In The Housekeeper and the Professor, a housekeeper goes to work for a math professor who only has eighty minutes of short term memory. As a result of a car accident in 1975, he can remember everything that happened before it, but now after eighty minutes, his memory is wiped clean and he starts again. Every morning, it's like the housekeeper and the professor have never met. To keep track of all of the things he needs to remember, he creates little notes to himself which he keeps clipped to his suit, including a hand-drawn portrait of the housekeeper and her son, Root. Although he no longer teaches, mathematics remains his life-long passion; math and baseball.

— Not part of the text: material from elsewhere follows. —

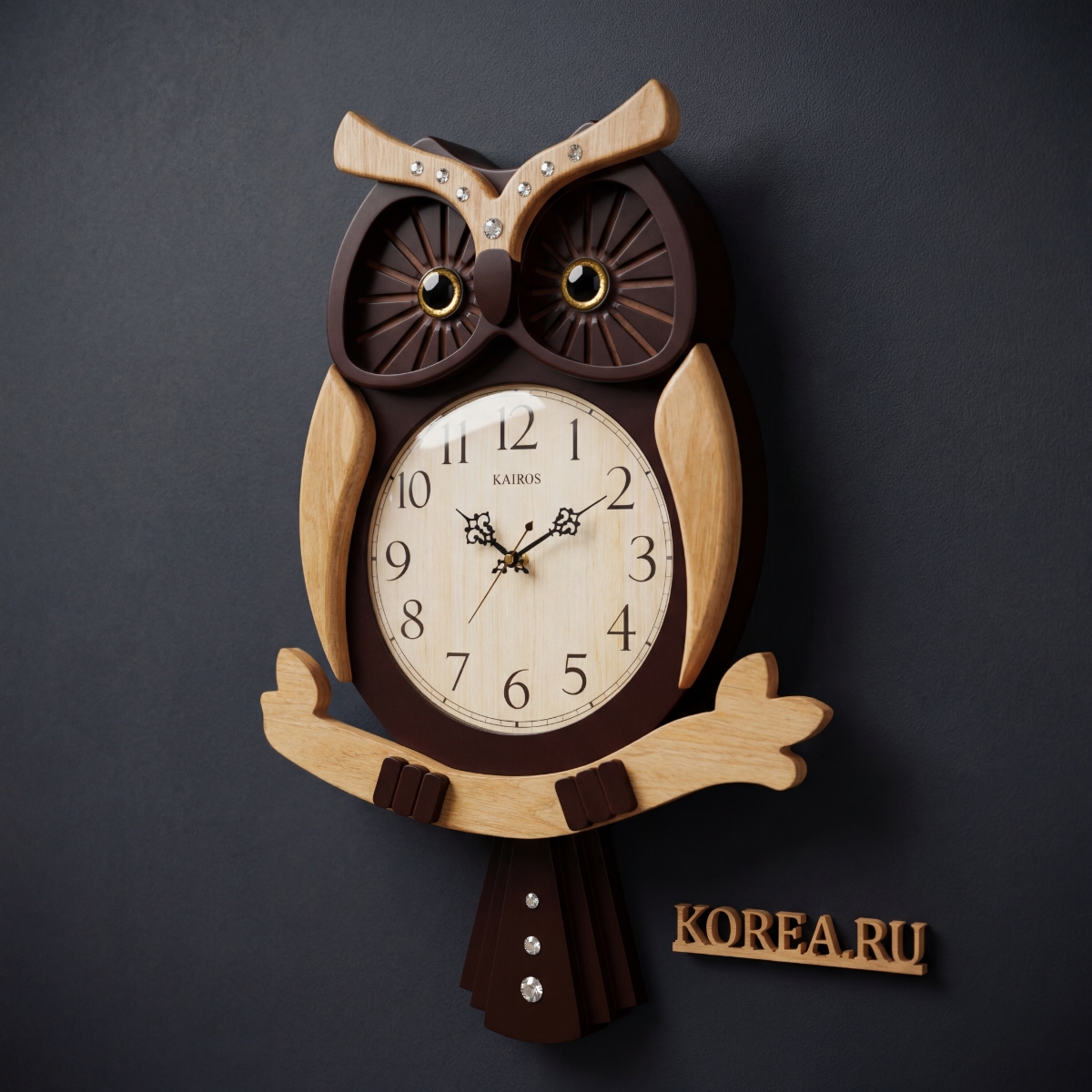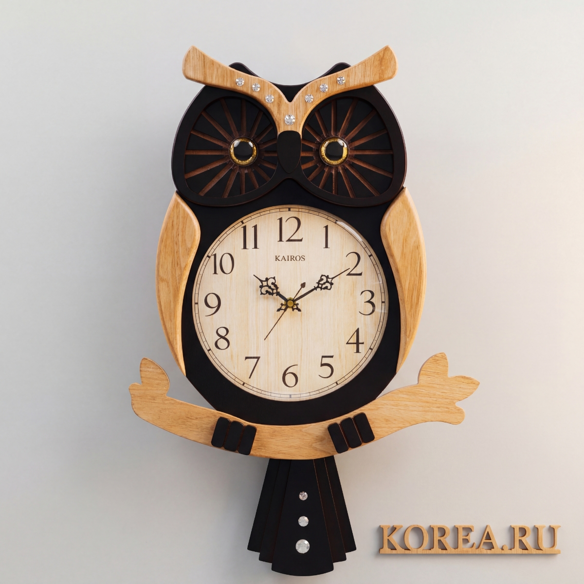 Корпус часов имеет характерную форму совы с выразительными круглыми глазами и деревянными ушками, украшенными декоративными стразами. Темно-коричневый (почти черный) корпус контрастирует с теплыми деревянными элементами из светлого дерева, создавая гармоничный и привлекательный облик. Глаза совы выполнены с золотистым ободком, что придает часам утонченность и изысканность. Характерной особенностью модели является маятник в виде нижней части туловища совы, который изящно раскачивается, создавая уникальный визуальный эффект движения.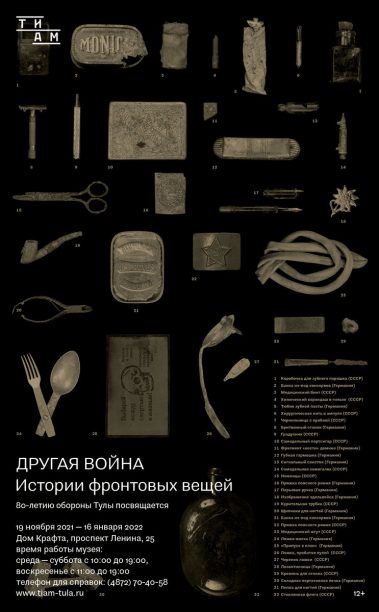 17:30 – презентация каталога «Вещи войны» (Денис Бычихин, заведующий экспозиционно-выставочным отделом музея); презентация Тульского краеведческого альманаха №18 (Юлия Иванова – главный редактор альманаха).

I adored this wonderfully book. It's certainly one of my favourites this year and probably one of the best books I've ever read. To say it's beautifully written, is an understatement. The story enveloped me from the beginning and led me on an emotional roller coaster to the very end. The story was at times heart-breaking, yet it remained hopeful and heart-warming. The professor spends a lot of time explaining mathematics to the housekeeper and her son. Usually I'd find math a little dull, but not the way the professor explains it. His passion is contagious and not only rubs off on the housekeeper and Root, but also me.
The characters were memorable, quite ironic considering the subject matter. All of the characters were fantastic; I'd be hard pressed to name a favourite. Each of them had qualities to admire: the professor had his passion, the housekeeper had her compassion and perseverance. Root, so named by the professor because of his flat head which resembled the symbol for square root, had his maturity despite his age.
Yoko Ogawa shows us how beautiful mathematics can be; how precious our memories are; how relationships can be forges despite seemingly insurmountable obstacles and how baseball can be an obsession. I was especially surprised and pleased to see that the game of baseball did not revolve around the American teams. Who knew that was possible? ;)
Highly recommended. I'll definitely be looking for more of Ogawa's work.